Light SVG Dark SVG Print PDF

Parse a Document

BeautifulSoup(markup, parser) reads a string of HTML or XML and builds a tree of Python objects you can search and navigate. The second argument picks the engine: html.parser is built in and needs no install, lxml is faster and more forgiving, and html5lib parses exactly like a browser (auto-adding <html>, <head>, <body>). Always name the parser explicitly so a missing optional dependency does not silently change your results.

Beautiful Soup parse panel: html.parser, lxml, html5lib, file object, prettify, xml.

Turn an HTML or XML string into a navigable tree.

Beautiful Soup parse panel: html.parser, lxml, html5lib, file object, prettify, xml.

Turn an HTML or XML string into a navigable tree.
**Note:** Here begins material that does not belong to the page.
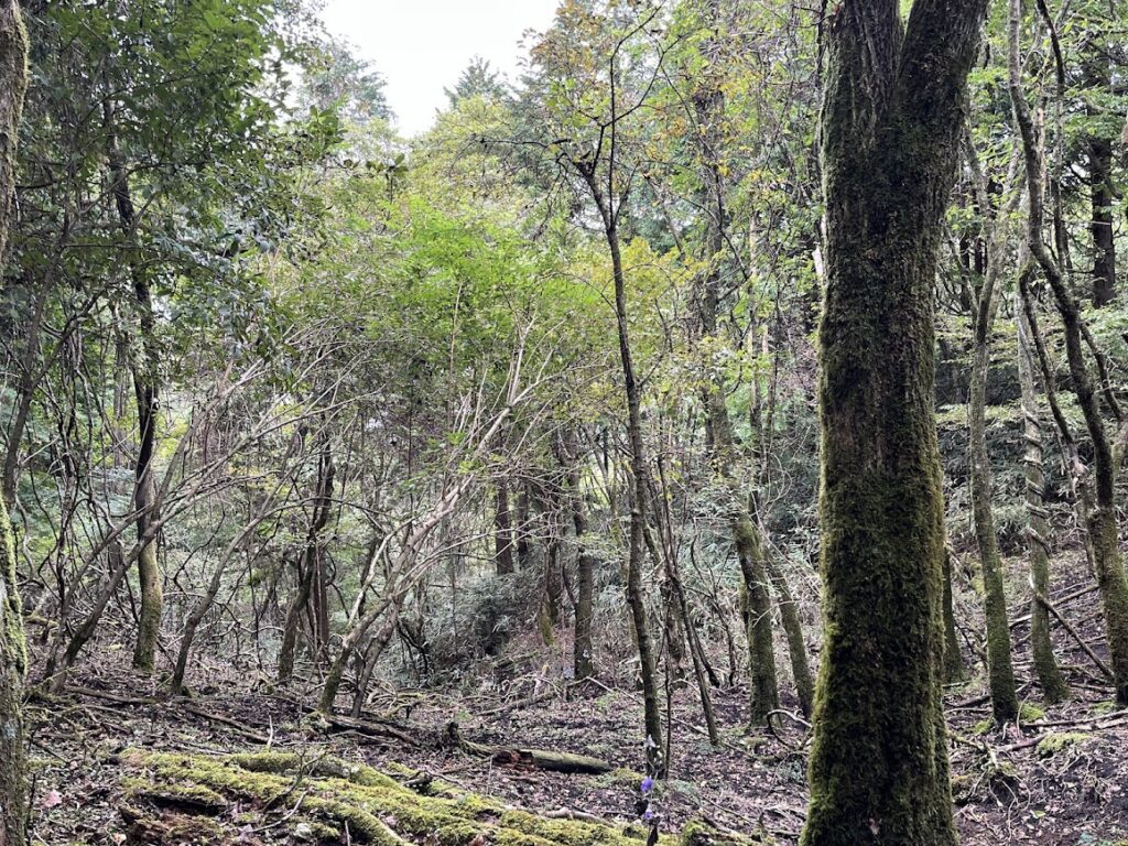 金時山から明神ヶ岳までは縦走する人も少なく、静かなハイキングになりました。広い尾根道も周りは高い笹に囲まれていたいり、低い笹では展望が開けていたり、森も美しい自然林から鬱蒼とした苔生す森まで、とてもバラエティーに富んだコースです。

from bs4 import BeautifulSoup

soup = BeautifulSoup(html, "html.parser")        # built-in parser, no install needed
BeautifulSoup(html, "lxml")                       # fast and lenient; needs pip install lxml
BeautifulSoup(html, "html5lib")                   # browser-style; wraps fragments in html/head/body
BeautifulSoup(open("page.html"), "html.parser")  # parse a file object
print(soup.prettify())                            # pretty-print the nested tree
BeautifulSoup(xml, "xml")                         # XML mode; needs lxml

See Making the soup and Installing a parser.

Read Tags and Attributes

Each element is a Tag that doubles as a dictionary. Descend to the first match with dotted access like soup.h1, read its .name, and pull attributes with tag["href"] (raises if missing) or tag.get("href") (returns None if missing). Use tag.attrs to see the whole attribute dict at once. Note that class comes back as a list, because an element can carry several classes.

Beautiful Soup tags panel: dotted access, name, dict-style attribute, safe get, attrs, has_attr.

A Tag is a dict of attributes plus a node you can descend into.

Beautiful Soup tags panel: dotted access, name, dict-style attribute, safe get, attrs, has_attr.

A Tag is a dict of attributes plus a node you can descend into.

soup.h1   soup.title              # reach the first matching tag by dotted access
tag.name                          # the tag's name, e.g. "h1"
tag["href"]   tag["class"]        # one attribute, dict-style (class -> a list)
tag.get("href")   tag.get("x", default)   # safe lookup, missing key -> None
tag.attrs                         # all attributes as a dict
tag.has_attr("class")             # test whether an attribute is present

See Kinds of objects.

Search with find / find_all

find returns the first matching Tag or None; find_all returns a list of every match. You filter by tag name, by CSS class via the class_= keyword (the trailing underscore avoids the Python keyword), by any attribute through attrs={...}, and by regex or a custom function for the value. The limit= keyword caps how many matches you collect.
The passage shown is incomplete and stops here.